### Supplied information ###

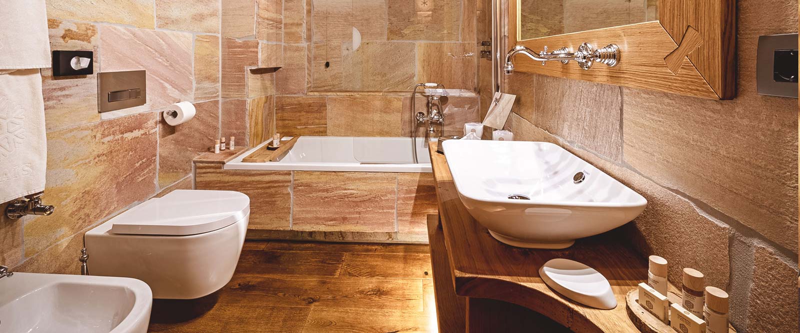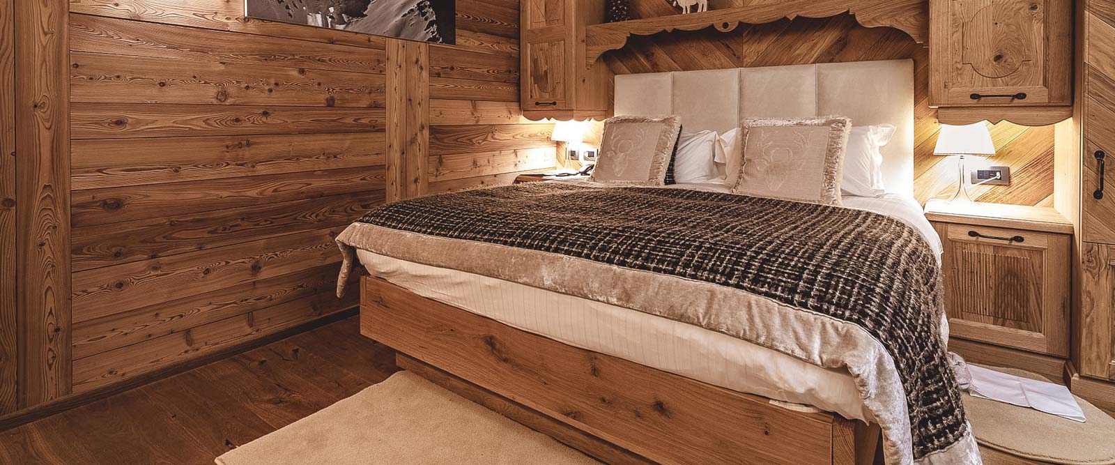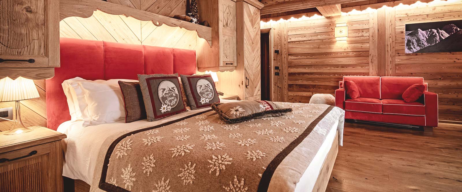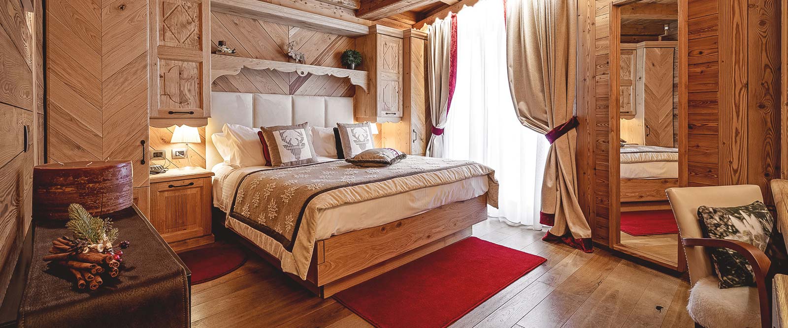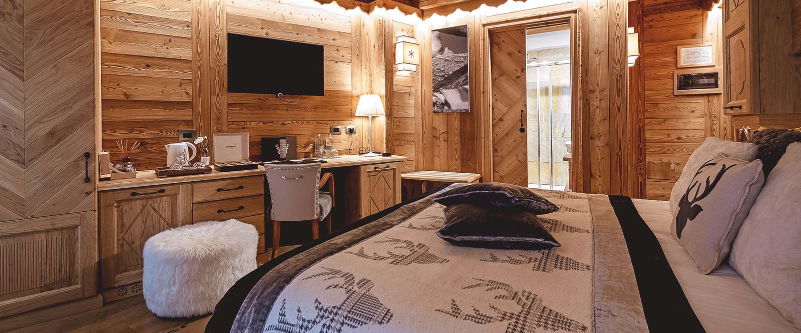 Værelserne er moderne indrettet i chalet-stil, med omgivelser i træ og sten, der giver en autentisk og luksuriøs alpestemning. Alle værelser har TV med internationale kanaler og Netflix, gratis trådløst internet, tekande og minibar, samt wellness-pakke med badekåbe, håndklæde, og luksusprodukter til badet. Nogle værelser har også kaffemaskine.
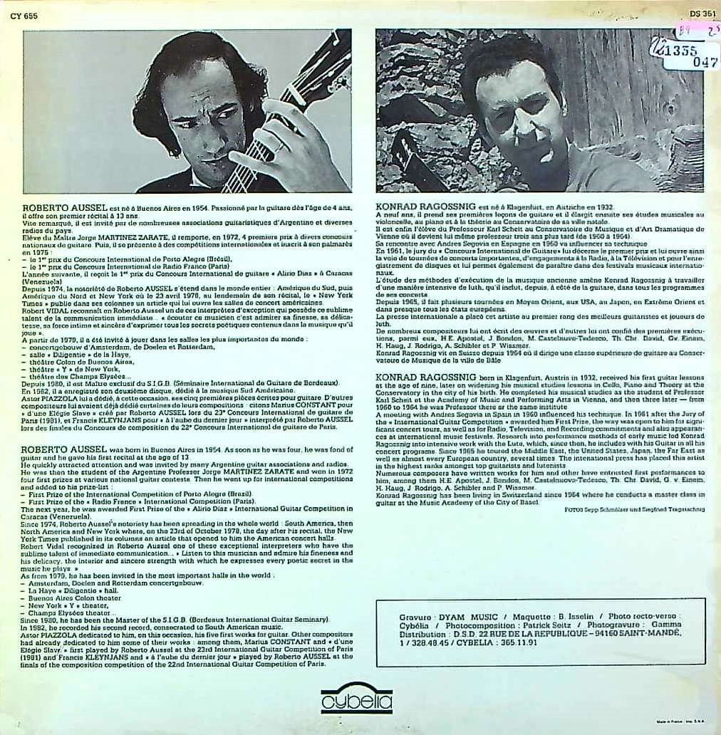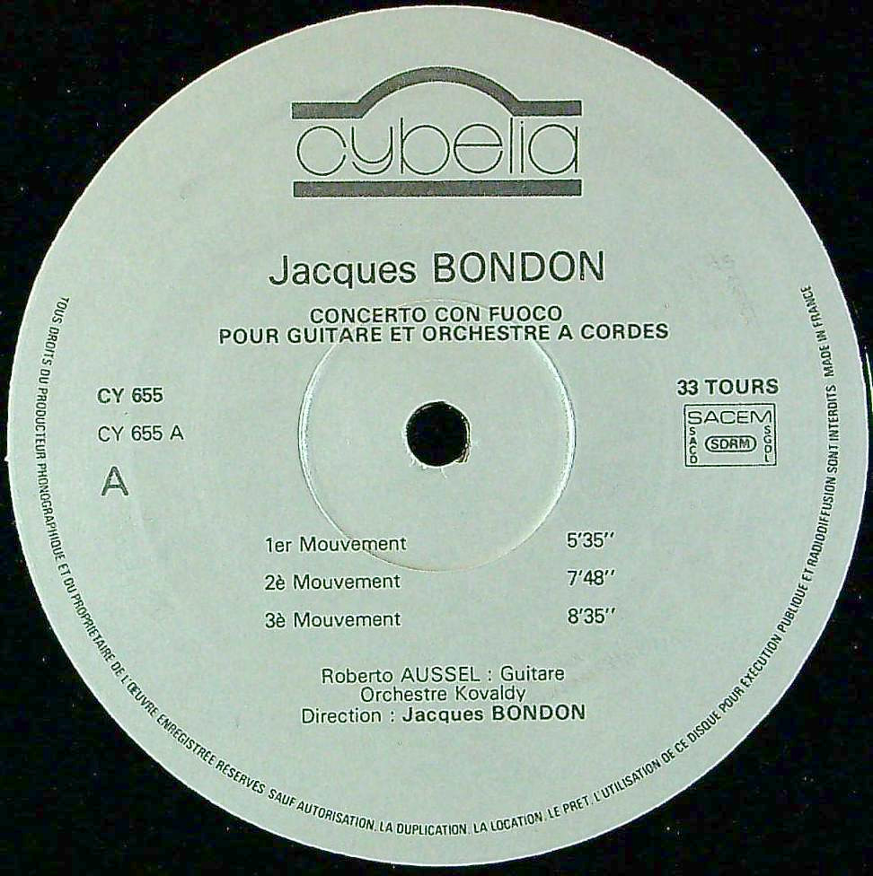 商品詳細:ジャック・ボンドン(1927-2008)はフランス・ブーシュ=デュ=ローヌ県ブルボンの生まれ。パリ音楽院でヴァイオリンを始め、ジョルジュ・ダンドロ、シャルル・ケクランから和声法と対位法を、ダリウス・ミヨー、ジャン・リヴィエから作曲法を学んだ。1962年に現代音楽室内管弦楽団(OCMC)を設立。6年後にアンサンブル・モデルヌ・ド・パリ(EMP)となった。1974年、文化省の国立ポピュラー音楽委員会の委員に任命。1981年よりパリ20区の市立音楽院の院長を務めている。ボンドンは器楽と管弦楽の作品を多く作曲していて、ギターを伴う協奏曲は2曲ある。B面の1966年作「火星協奏曲」は、ここでの演奏と同じくK.ラゴスニックが.ボンドン指揮コンセール・ラムルーo.と1960年代にRCAに初録音している。おそらく初演も同じメンバーと思われる。これは2回目録音と思われる。SF映画に使われそうなテーマの作品だが、曲もやはりスペクタクルを狙った種類の曲である。何故ソロがギターなのか不思議な印象の協奏曲。ギターソロが入ると一気に幻想的な雰囲気になる。やはり全体に未来志向の気分が満載の作品。A面の協奏曲コン・フオコはイタリア語で火を意味する、「火の協奏曲」という意味だろう。1981年という新しい作品。恐らくこれがLP初録音と思われる。こちらのギターはロベルト・オーセル(1954-)でアルゼンチン生まれのギター奏者。地元の音楽院で巨匠ホルヘ・マルティネス・サラテに師事。アリリオ・ディアスの国際ギターコンクールなど、世界で最も権威あるコンクールのいくつかで優勝した。現在、オーセルはドイツ・ケルン音楽大学で教鞭を執っている。アストル・ピアソラはギターのための 5 つの小品をオーセルに献呈してる。2曲とも如何にも現代作品という風情である。但し、ジャック・ボンドンのGt協奏曲が2曲もLPに収録されたことは後にも先にもこの1回だけと思われる。
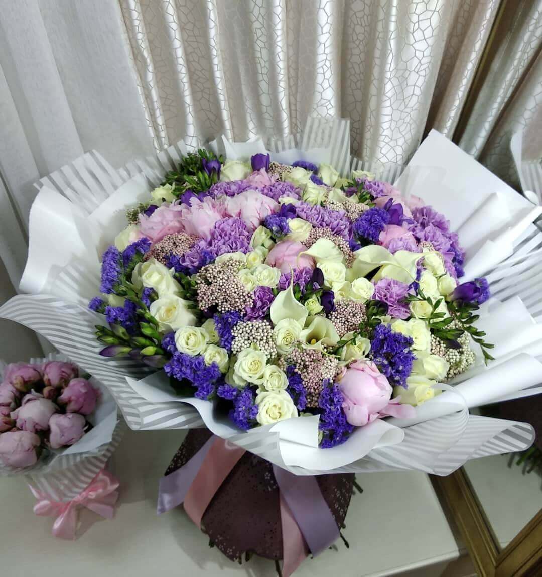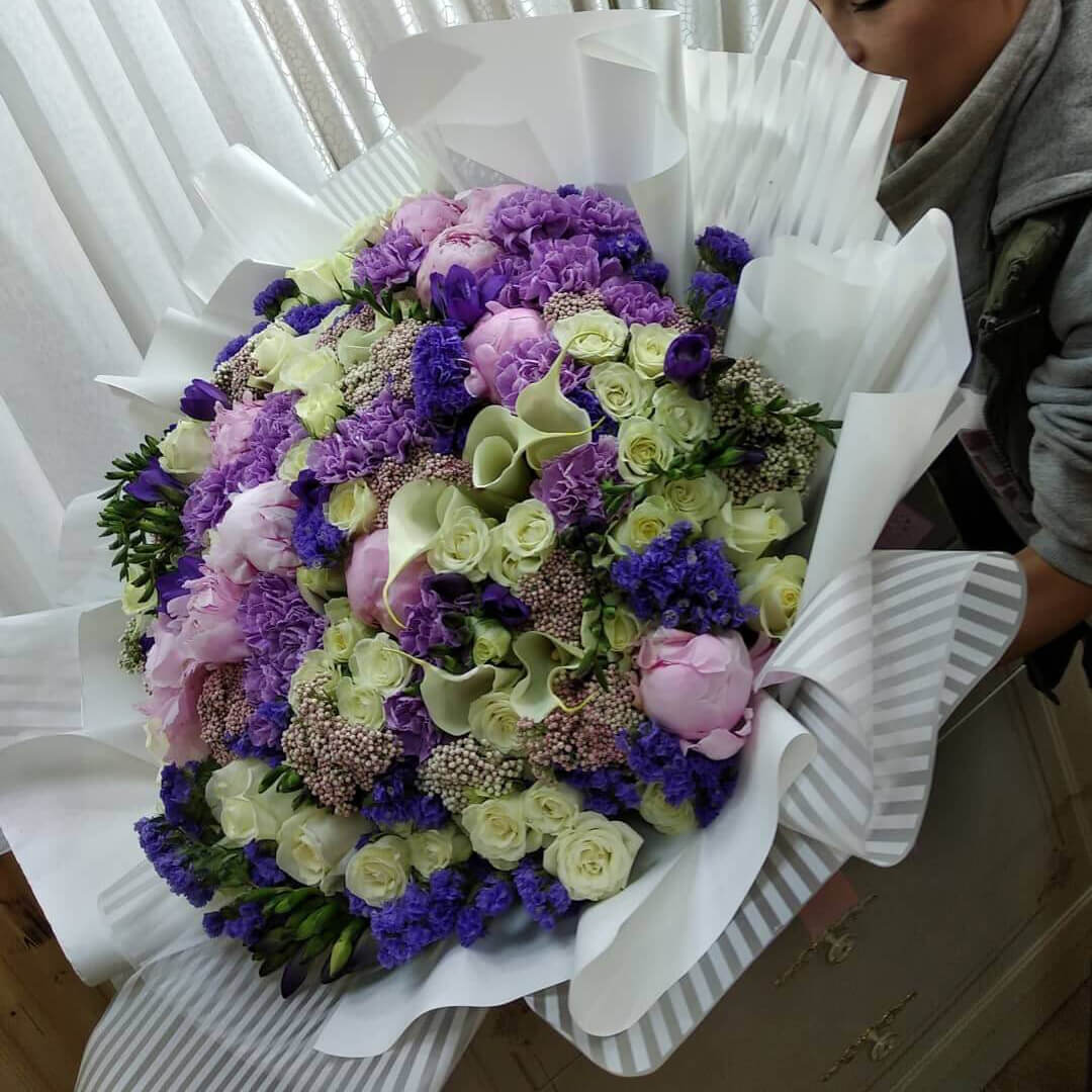 • 10 калл, 10 статиц, 20 гвоздик, 10 пионов, 11 роз, 10 кустовых роз, озотамнус,

###

■ **Problem to solve**: Print the full listing above again with exact wording and no images.

■ **Exercise solution**:
 Værelserne er moderne indrettet i chalet-stil, med omgivelser i træ og sten, der giver en autentisk og luksuriøs alpestemning. Alle værelser har TV med internationale kanaler og Netflix, gratis trådløst internet, tekande og minibar, samt wellness-pakke med badekåbe, håndklæde, og luksusprodukter til badet. Nogle værelser har også kaffemaskine.
 商品詳細:ジャック・ボンドン(1927-2008)はフランス・ブーシュ=デュ=ローヌ県ブルボンの生まれ。パリ音楽院でヴァイオリンを始め、ジョルジュ・ダンドロ、シャルル・ケクランから和声法と対位法を、ダリウス・ミヨー、ジャン・リヴィエから作曲法を学んだ。1962年に現代音楽室内管弦楽団(OCMC)を設立。6年後にアンサンブル・モデルヌ・ド・パリ(EMP)となった。1974年、文化省の国立ポピュラー音楽委員会の委員に任命。1981年よりパリ20区の市立音楽院の院長を務めている。ボンドンは器楽と管弦楽の作品を多く作曲していて、ギターを伴う協奏曲は2曲ある。B面の1966年作「火星協奏曲」は、ここでの演奏と同じくK.ラゴスニックが.ボンドン指揮コンセール・ラムルーo.と1960年代にRCAに初録音している。おそらく初演も同じメンバーと思われる。これは2回目録音と思われる。SF映画に使われそうなテーマの作品だが、曲もやはりスペクタクルを狙った種類の曲である。何故ソロがギターなのか不思議な印象の協奏曲。ギターソロが入ると一気に幻想的な雰囲気になる。やはり全体に未来志向の気分が満載の作品。A面の協奏曲コン・フオコはイタリア語で火を意味する、「火の協奏曲」という意味だろう。1981年という新しい作品。恐らくこれがLP初録音と思われる。こちらのギターはロベルト・オーセル(1954-)でアルゼンチン生まれのギター奏者。地元の音楽院で巨匠ホルヘ・マルティネス・サラテに師事。アリリオ・ディアスの国際ギターコンクールなど、世界で最も権威あるコンクールのいくつかで優勝した。現在、オーセルはドイツ・ケルン音楽大学で教鞭を執っている。アストル・ピアソラはギターのための 5 つの小品をオーセルに献呈してる。2曲とも如何にも現代作品という風情である。但し、ジャック・ボンドンのGt協奏曲が2曲もLPに収録されたことは後にも先にもこの1回だけと思われる。
 • 10 калл, 10 статиц, 20 гвоздик, 10 пионов, 11 роз, 10 кустовых роз, озотамнус,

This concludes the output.